CVPR2023 Semantic Segmentation Paper Collection

The International Conference on Computer Vision and Pattern Recognition (CVPR) is one of the top conferences in the field of computer science and an interdisciplinary conference in image processing, machine learning, artificial intelligence and other fields.

Every year, the CVPR conference will have a large number of paper submissions and academic exchange activities, covering multiple research directions including image processing, computer vision, pattern recognition, machine learning, deep learning, artificial intelligence, etc. It is the most influential and influential in this field. One of the representative academic conferences.

AMiner uses AI technology to classify and sort out the conference papers included in CVPR2023. Today, we will share 72 papers on the theme of semantic segmentation. We will show the ten most popular papers here. Welcome to download and collect!

1. Open-Vocabulary Semantic Segmentation with Mask-adapted CLIP paper details page
Authors: Feng Liang, Bichen Wu, Xiaoliang Dai, Kunpeng Li, Yinan Zhao, Hang Zhang, Peizhao Zhang, Peter Vajda, Diana Marculescu Link: https://
www .aminer.cn/pub/6344dede90e50fcafd24d0b0/
AI Review (Large Model Driven): The goal of open semantic segmentation is to divide images into semantic regions. Recent two-stage approaches first generate class-safe hypotheses, and then leverage a previously trained visual-linguistic model (e.g., CLIP) to divide the segmented regions into discriminative regions. We define a performance bottleneck in this paradigm that CLIP models do not perform well on hidden images. To address this issue, we propose an improved CLIP training method that utilizes previously trained CLIP features. Experimental results show that the F-measure of the best CLIP system improves by 8.8% compared with the previous best CLIP system.

2. LaserMix for Semi-Supervised LiDAR Semantic Segmentation paper details page
Authors: Lingdong Kong, Jiawei Ren, Liang Pan, Ziwei Liu
Link: https://www.aminer.cn/pub/62c2a9595aee126c0fcf0a45/
AI review (large model drive): We investigate the potential of unknown semi-supervised learning in LiDAR segmentation. Our central idea is to take full advantage of unlabeled data using linear features. We propose a laser mixer that mixes laser beams from different LiDAR scans. The model is then encouraged to make consistent and convincing predictions across the mix. Our framework has three exciting properties: 1) Liveness: Laser combinations are safe for ray representations (e.g., views and matrices), so we can apply them universally.

3. The paper details page of Understanding
Imbalanced Semantic Segmentation Through Neural Collapse Authors: Zhisheng Zhong, Jiequan Cui, Yibo Yang, Xiaoyang Wu, Xiaojuan Qi, Xiangyu Zhang, Jiaya Jia
Link: https://www.aminer.cn/pub/63b63fd190e50fcafd8f584f/
AI Survey (Large Model Driven): In this paper, we explore the underlying feature centers and the corresponding structures of classifiers in their semantic segmentation.

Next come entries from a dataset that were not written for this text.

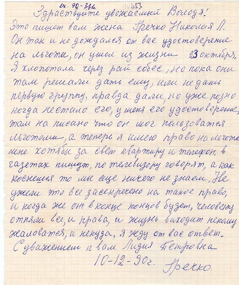 Это пишет вам жена Гречко Николая Л. Он так и не дождался от вас удостоверение на льготы, он ушол из жизни 23 октября. Я хлопотала через рай собес, но пока они там решали дать ему, или не дать первую группу, правда дали, но уже поздно когда не стало его, у меня его удостоверение, там написано что он мог пользоваться льготами, а теперь я имею право на льготы мне хотябы за свет квартиру и телефон, в газетах пишут, по телевизору говорят, а как коснешься то мы еще ничего не знаем. Не ужели это все засекречено на такое право, и когда же она в конце концов будет, человеку отняли все, и права, и жизнь выходит некому жаловаться, и никуда, я жду от вас ответ.
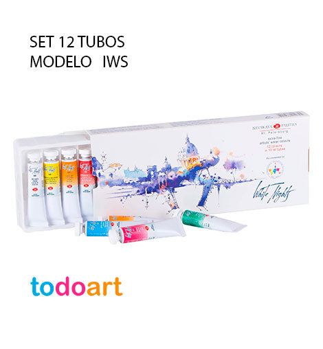 Selection of colors by the International Association of Watercolorists (IWS) of 10 ml tubes. of the white night brand.
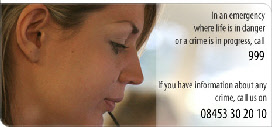 In an emergency, where life is in danger or a crime is in progress, call 999.

Based on our empirical and theoretical analysis, we point out that semantic word segmentation naturally produces contextual relevance and imbalanced distribution. However, this coherent structure is beneficial for small classes. To preserve these advantages, we introduce a randomizer on the feature center to encourage the network to learn features closer to attractive structures. Experimental results show that the method can achieve significant improvements in performance improvement on both 2D and 3D datasets. Furthermore, our method ranks first and breaks a new record on the ScanNet200 test leaderboard.

4. Learning Open-vocabulary Semantic Segmentation Models From Natural Language Supervision paper details page
Authors: Jilan Xu, Junlin Hou, Yuejie Zhang, Rui Feng, Yi Wang, Yu Qiao, Weidi Xie
Link: https://www.aminer.cn/ pub/640559c290e50fcafddb3868/
AI Review (Large Model Driven): In this paper, we consider the Open Vocabulary Semantic Segmentation (OVS) problem, which aims to partition specified entities of an arbitrary class of objects into predefined closure categories. The main contributions include: First, we propose a transformation model-based OVS system called OVSegmentor, which is trained only on graph-text pairs from web searches without using any hidden markers. OVSegmentor assembles image segments into a learnable set of single-unit labels and maps them to corresponding caption embeddings. Second, we propose two induction tasks, hidden entity completion and cross-graph hidden consistency. The former tries to generalize to all hidden entities in a given label, which enables the model to learn fine-grained view-entity alignment.

5. Dynamic Focus-aware Positional Queries for Semantic Segmentation paper details page
Authors: Haoyu He, Jianfei Cai, Zizheng Pan, Jing Liu, Jing Zhang, Dacheng Tao, Bohan Zhuang
Link: https://www.aminer.cn/pub/ 624bb3a25aee126c0fea4e5a/
AI Review (Large Model Driven): This paper proposes a semantic segmentation problem design called Dynamic Focus aware Positional Queries (DFPQ), which dynamically generates positional queries, relying on the visual attention scores of previously decoded blocks and the corresponding Positional encoding of image features. Therefore, our method is able to efficiently handle high-resolution cross-focal information by incorporating only contextual labels for local relation clustering. Extensive experiments on Ade20K and Cityscapes show that this framework exhibits excellent performance in SOTA and shows significant competitive advantage in Mask2former.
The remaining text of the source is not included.